METHODS: Graduating students completing their final year of medical education at Sidney Kimmel Medical College of Thomas Jefferson University were sent an e-mail invitation to complete a virtual OPM module. The module consisted of eight interactive patient cases that introduced topics through a case-based learning system, challenging students to make decisions and answer knowledge questions about the patient care process. An identical pre- and posttest were built into the module to measure general and case-specific learning objectives, with responses subsequently analyzed using the Wilcoxon matched-pairs signed-rank test.
RESULTS: Forty-three students (19% response rate) completed the module. All median posttest responses ranked significantly higher than paired median pretest responses (p <  0.05). Comparing the paired overall student baseline score to module completion, median posttest ranks (Mdn = 206, IQR = 25) were significantly higher than median pretest ranks (Mdn = 150, IQR = 24) (p <  0.001). Regarding paired median Perceived Competence Scale metrics specifically, perceived student confidence, capability, and ability in opioid management increased from "disagree" (2) to "agree" (4) (p <  0.001), and student ability to meet the challenge of opioid management increased from "neither agree nor disagree" (3) to "agree" (4) (p <  0.001). Additionally, while 77% of students reported receiving OP training in medical school, 21% reported no history of prior training.
CONCLUSION: Implementation of a virtual, interactive module with clinical context is an effective framework for improving the OPM knowledge, attitudes, and perceived competence of fourth-year medical students. This type of intervention may be an important method for standardizing and augmenting the education of future prescribers across multiple institutions.

Background

The United States (U.S.) opioid epidemic is an ongoing public health crisis, fueled in part by inaccurate prescriber beliefs of low opioid harm and addiction risks [1]. Yet following recognition of opioid risks, 80% of the world’s entire opioid supply is still consumed annually in the U.S., which constitutes merely 5% of the global population [2]. In 2018, 46,802 overdose deaths (69.5% of all drug overdose deaths) in the U.S. were attributed to opioids, with prescription opioid overdoses comprising almost 32% of these deaths [3]. Accordingly, correcting prescribing practices seems to be an important potential solution for harm reduction, but provider uncertainty in accurately assessing patient pain and prescribing appropriate opioid amounts remains a prominent barrier [4].
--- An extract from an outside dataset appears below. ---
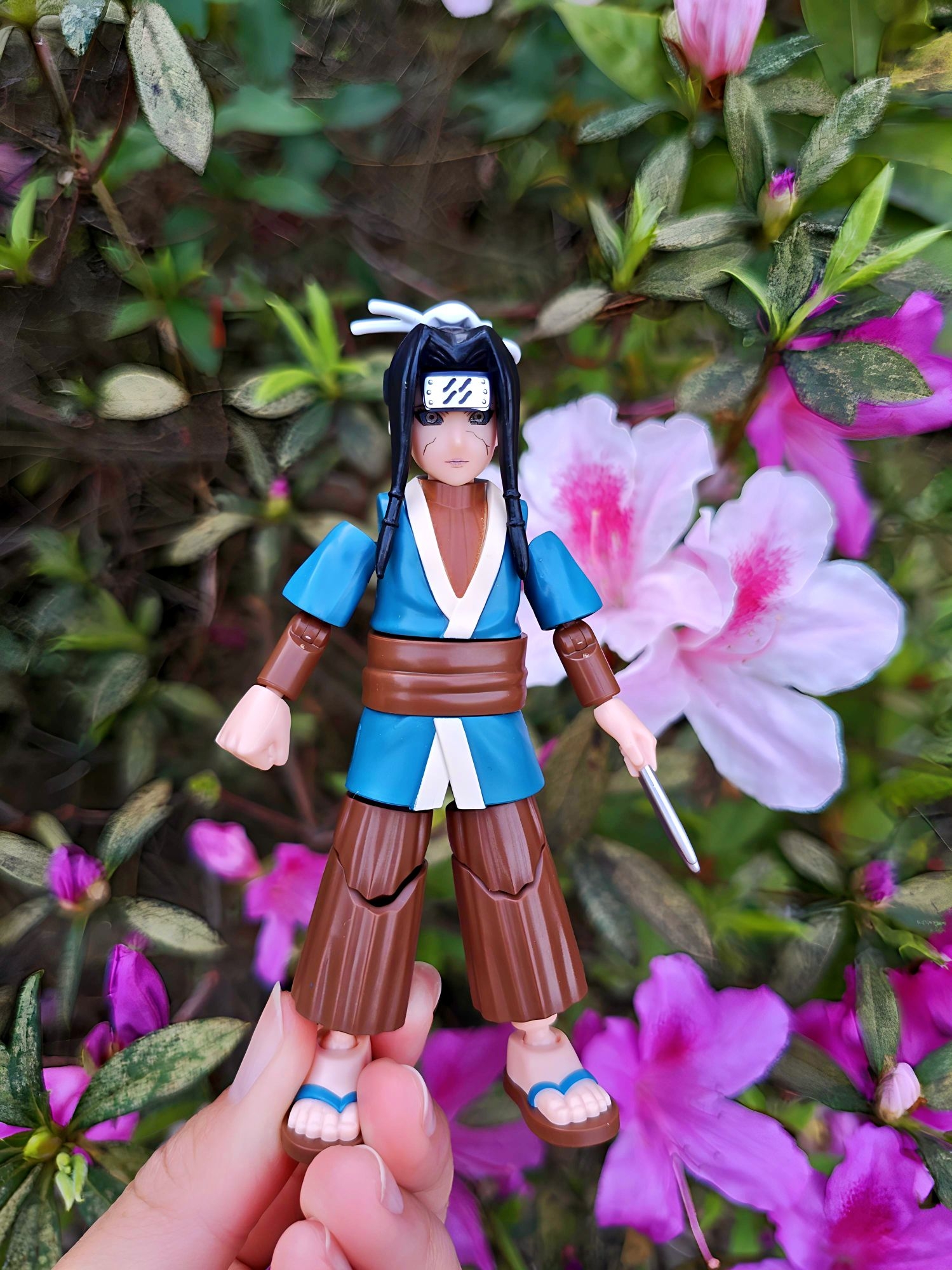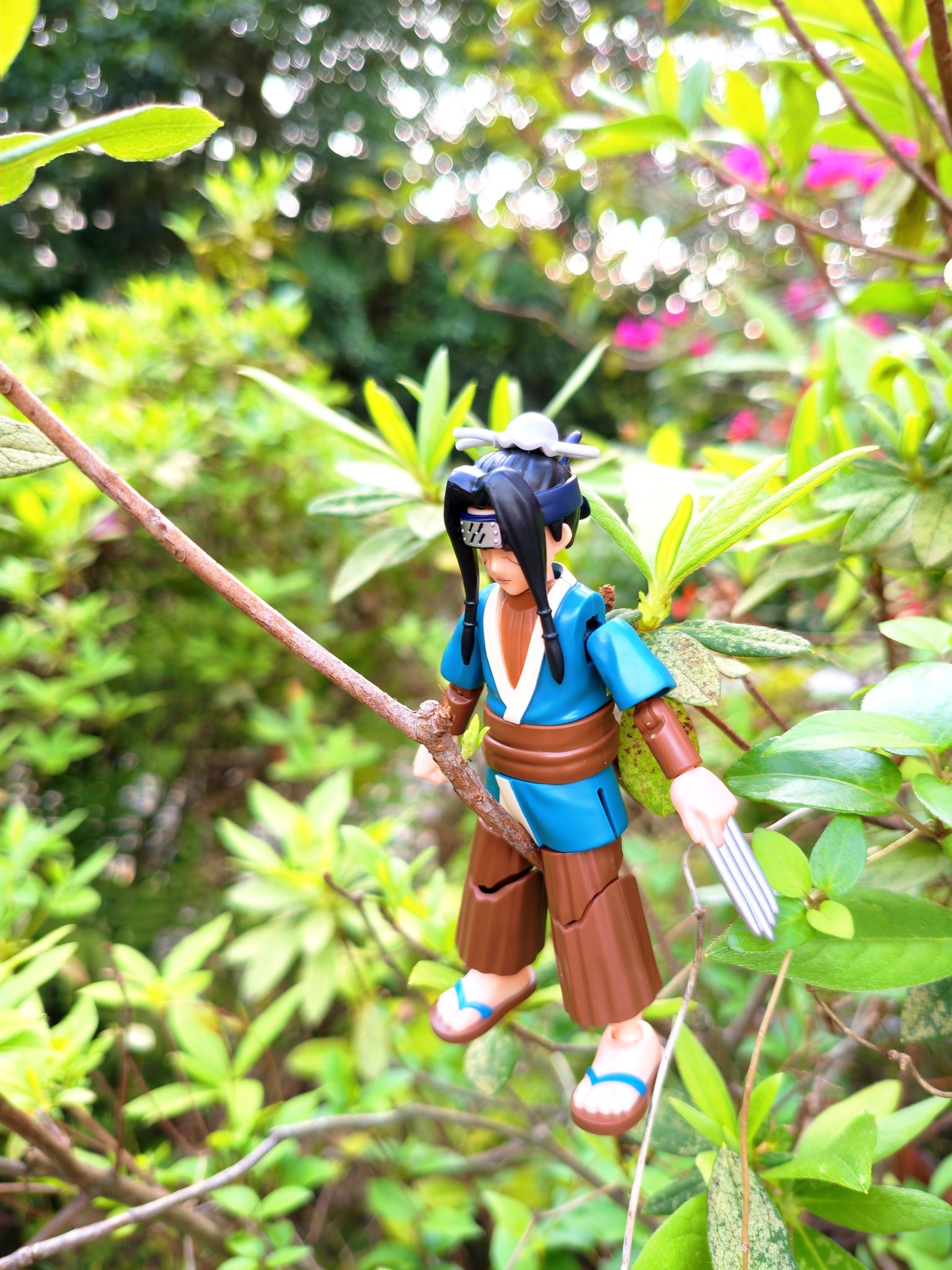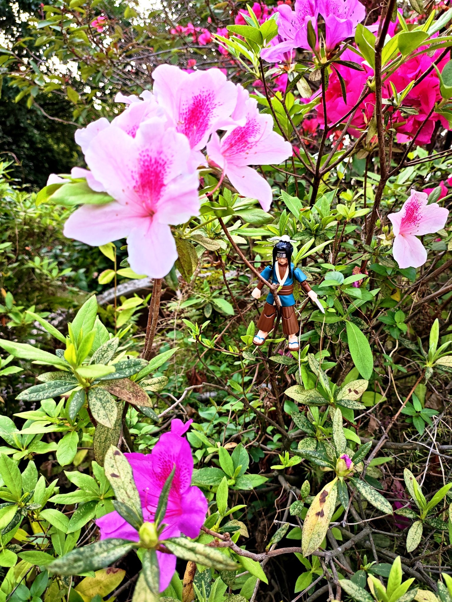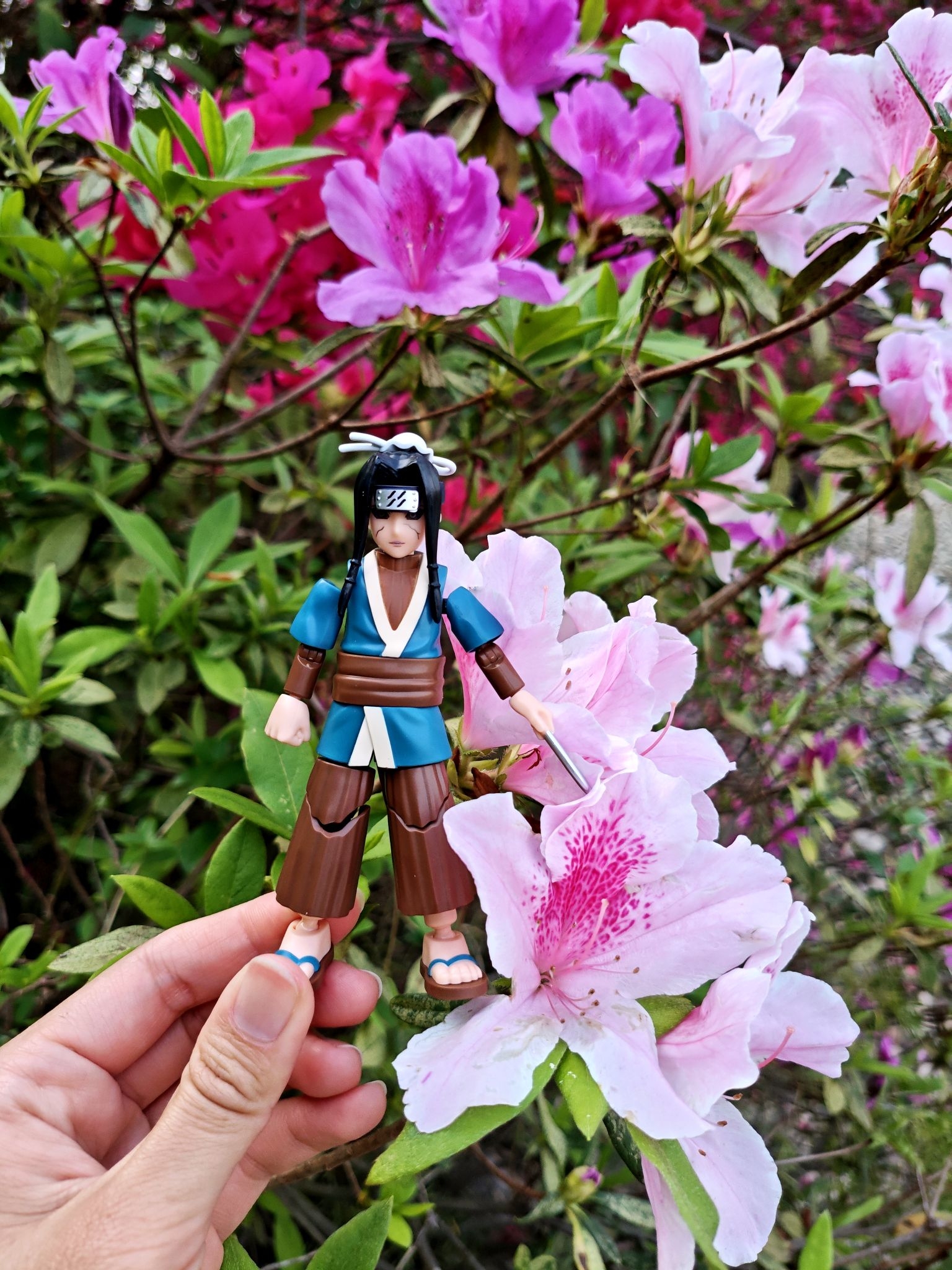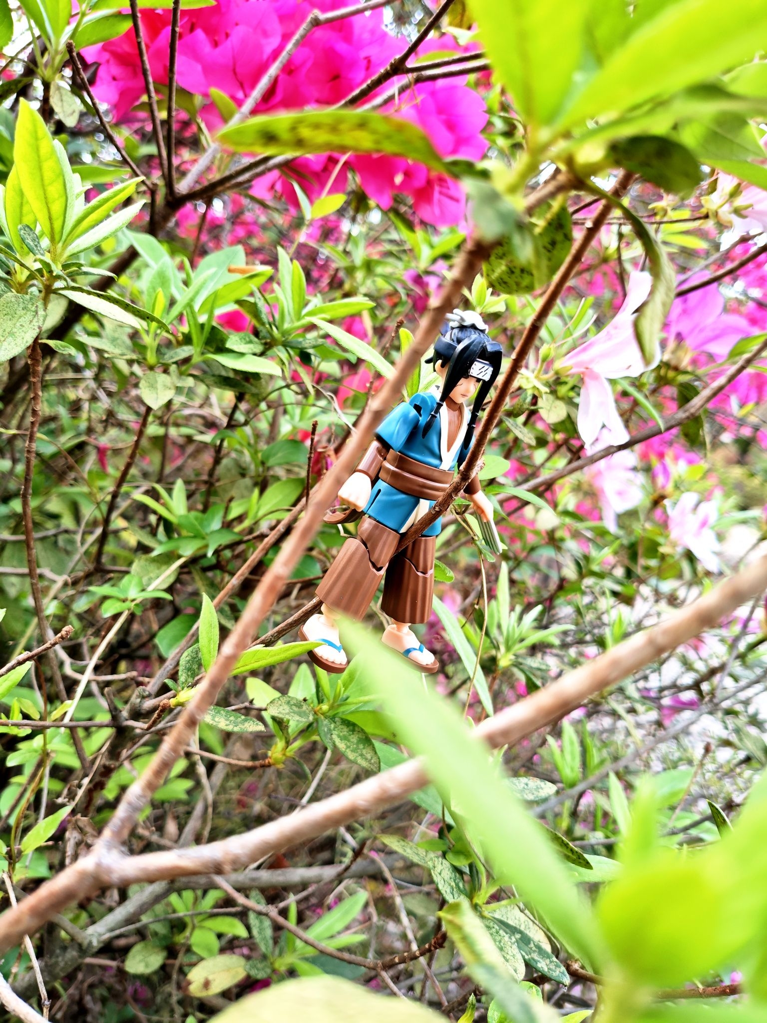 带手办出门拍照太快乐了🤣 把宇智波小少爷挂在花枝上, 粉花绿叶衬得他好温柔, 完全是动漫里走出来的画面感~ 春天就该这么玩,把喜欢的角色装进春天里🌱

As members of the next generation of prescribers, medical students are important agents of impact on the trajectory of the U.S. opioid epidemic. Part of the educational approach to reduce inappropriate opioid prescribing (OP) has included the incorporation of pain assessment, pain management (PM), and substance use disorder treatment into medical school curricula in response to calls from regulating bodies such as the Association of American Medical Colleges [4, 5]. However, the response of medical schools in adapting curricula to train medical students has been underwhelming in the context of the crisis severity, limited by a lack of standardized curricula and adequately trained faculty to teach and assess learning surrounding these concepts [4, 6]. Given this identified deficit in preparing medical students for their impending role as prescribers, creating a resource to address gaps in opioid and pain management (OPM) knowledge is an educational imperative.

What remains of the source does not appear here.